If we create and run a model for this spec we will see no errors and this is fine; however, it doesn’t check any particular invariant of our spec.

Invariant is a formula that is $true$ in every reachable state.

We have defined a `TypeOK`

as a type definition for `small`

and `big`

, so we can add this formula as an invariant to check that this invariant is not broken.

If we run it now, we still see no errors meaning `small`

and `big`

respecting their types in every reachable state.

Now we can solve the *die hard* problem of pouring `big`

with exactly 4 gallons of water. To do it, we add a new invariant `big /= 4`

into the invariants section.

Here, this invariant works as a counterexample. An invariant is a formula that turns to $true$ in **every** reachable state. We need to find a state (actually a state sequence) where `big = 4`

, so we negate this by the `/=`

symbol that equals to $\neq$. With this new formula if we run the model, it finds an error (a state where an invariant is broken) and shows a sequence of states that led to this state.

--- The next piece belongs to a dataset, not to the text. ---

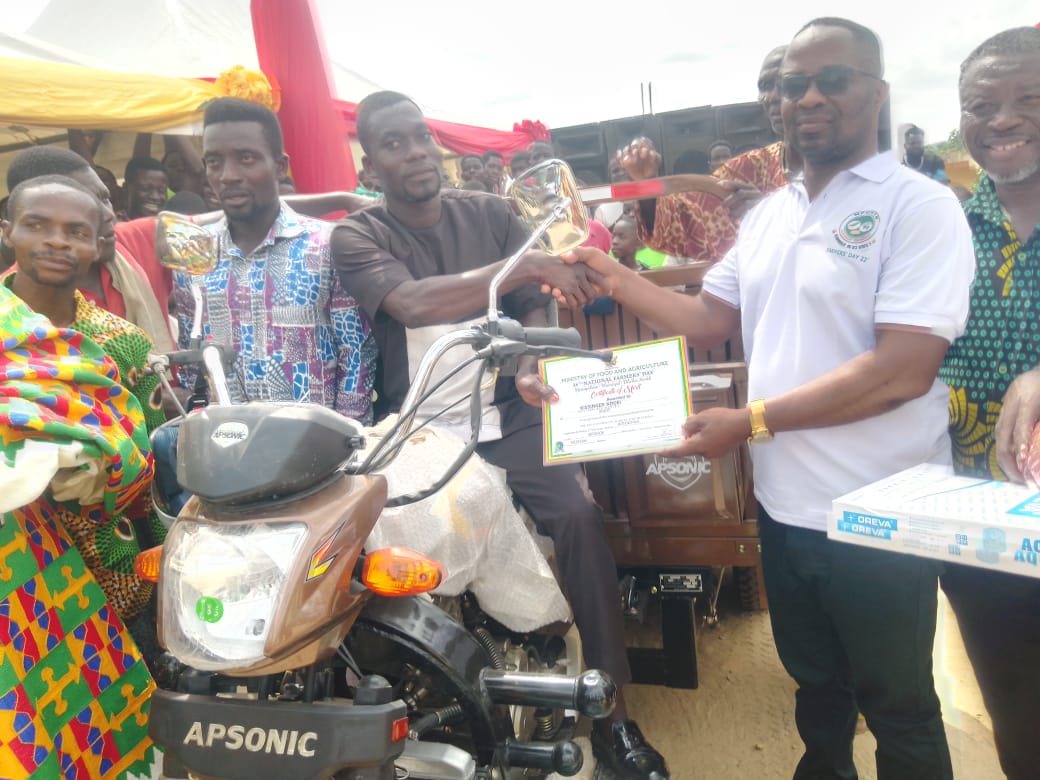 The Member of Parliament, Mr. John Abam Kobina Saanie, was glad and appreciated farmers for their immeasurable food productions and contributions towards their motherland. He assured farmers of quarterly supply of oil palm seedlings and cocoa seedlings to the farmers to ease them of their burden in securing agricultural seedlings. In all about 14 farmers were rewarded, some receiving tricyle , deep freezers , agricultural inputs like cutlasses ,Wellington boots and many other items.

Now, we can see the exact steps that are required to be done to solve the problem and our heroes can move on.

## References

- Leslie Lamport. Learning TLA+
- LTL and CTL Applications for Smart Contracts Security
- OpenComRTOS
- Eric Verhulst, Raymond T. Boute, José Miguel Faria, Bernhard H C Sputh, Vitaliy Mezhuyev. Formal Development of a Network-Centric RTOS. January 2011. DOI:10.1007/978-1-4419-9736-4. ISBN: 978-1-4419-9735-7
- Chris Newcombe, Tim Rath, Fan Zhang, Bogdan Munteanu, Marc Brooker and Michael Deardeuff.How Amazon Web Services uses formal methods. 2015, Communications of the ACM
- Leslie Lamport. Time, Clocks, and the Ordering of Events in a Distributed System. 1978. Massachusetts Computer Associates, Inc.